Para a coordenadora regional do Movimento de Mulheres Olga Benário, Manuela Marinho, a sociedade ainda possui uma ideia equivocada sobre o feminismo. “Muita gente acha que as feministas querem trocar o patriarcado pelo matriarcado. Não queremos guerra entre sexos, o feminismo se trata de uma luta para além de igualdade de direitos. Quem diz que as mulheres já conquistaram o espaço delas é porque não são assediados  dentro dos ônibus ou não recebem menos exercendo a mesma função que um homem, só pelo fato de serem mulheres”, argumenta.

Revolução na Internet

Recentemente, campanhas como #meuamigosecreto e #meuprimeiroassédio viralizaram no Facebook e incentivaram milhares de mulheres a denunciarem práticas machistas do cotidiano.

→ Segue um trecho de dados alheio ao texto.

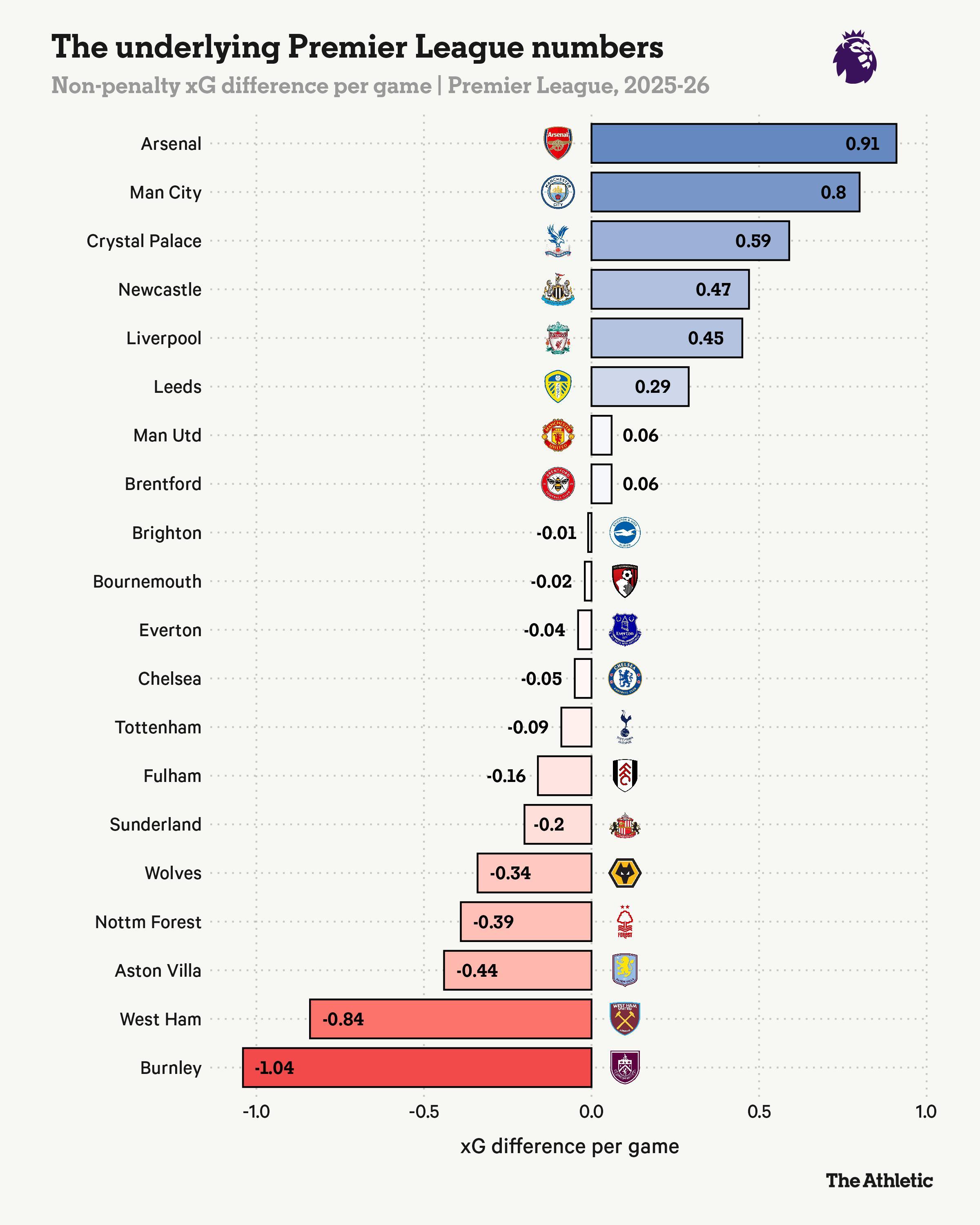 如果你想知道質量能在英超帶來什麼,看看曼城就知道了。他們的非點球預期失球與利茲聯相同,均爲8.2,但他們僅丟了六個非點球進球,而利茲聯則丟了12個。這就是區別所在。

A jornalista Nathane Dovale, 26, é uma das corajosas jovens que usa a internet como plataforma para falar de questões relacionadas ao feminismo. Ela acredita que a ferramenta é uma das armas contra a desinformação.

“O modo como nossa sociedade se relaciona com o digital cada vez mais vem contribuindo com o mundo de informações necessárias para tomarmos consciência de algumas opressões. Posso dizer, inclusive, que os diversos casos de machismo divulgado na mídia e repercutido nas redes sociais, os relatos de conhecidas e o reconhecimento do que é o machismo e misoginia foram percebidos nessas redes sociais”.

Mês passado, a atriz Fernanda Torres causou polêmica nas redes sociais após ter se declarado contra “a vitimização do feminismo” em um blog do jornal Folha de S. Paulo. Muitos internautas a acusaram de ser machista. No texto, ela chegou a afirmar que se irrita menos com o machismo do que com os discursos feministas. Dias depois, ela pediu desculpas.

Luta começou no século 19

O movimento feminista teve início no século 19. As sufragistas inglesas, que lutaram pelo direito ao voto, ficaram conhecidas como as primeiras feministas da história. Ainda no final do século, organizações femininas oriundas de movimentos operários já protestavam em vários países da Europa e nos Estados Unidos por conta das jornadas de trabalho exaustivas e salários baixíssimos.

Personagem: Flávia Melo, mestre em antropologia social

"Na história do feminismo a expressão ‘onda’ costuma ser empregada para contar as fases do movimento em diferentes partes do mundo. No Brasil, autoras como Céli Regina Jardim Pinto (2011) afirmam que a primeira onda do feminismo caracterizou-se por reivindicar o direito ao voto conquistado em 1932. A segunda onda é situada nos anos de chumbo da Ditadura Militar, e marcada pela atuação do Movimento Feminino pela Anistia na década de 1970. Vivenciada no processo de redemocratização do País, a terceira onda do feminismo brasileiro foi marcada pela criação do Conselho Nacional da Condição da Mulher, em 1984."

Personagem: Nathane Dovale, jornalista

"Relatei num post um assédio que duas amigas passaram em frente a um bar. O post foi bem repercutido e muito mal interpretado. Vários homens responderam desrespeitosamente ao meu relato e ao o que eu queria tratar, que era “não pergunte de uma mulher que sofreu assédio, ou abuso, o que ela estava fazendo no lugar ou que roupa elas estavam vestindo. A culpa não é dela”. Mas o feminismo não é para homens e não é um assunto apenas para “algumas” mulheres. Sabemos que diariamente somos vítimas de machismo e misoginia (ódio ou repulsa a mulheres), desde a rua até o ambiente de trabalho. Então é necessário que haja um empoderamento de todas as mulheres para que nós possamos perceber que não somos meras máquinas sexuais e de procriação dentro da sociedade, embora o patriarcalismo esteja há anos imperando e dizendo isso."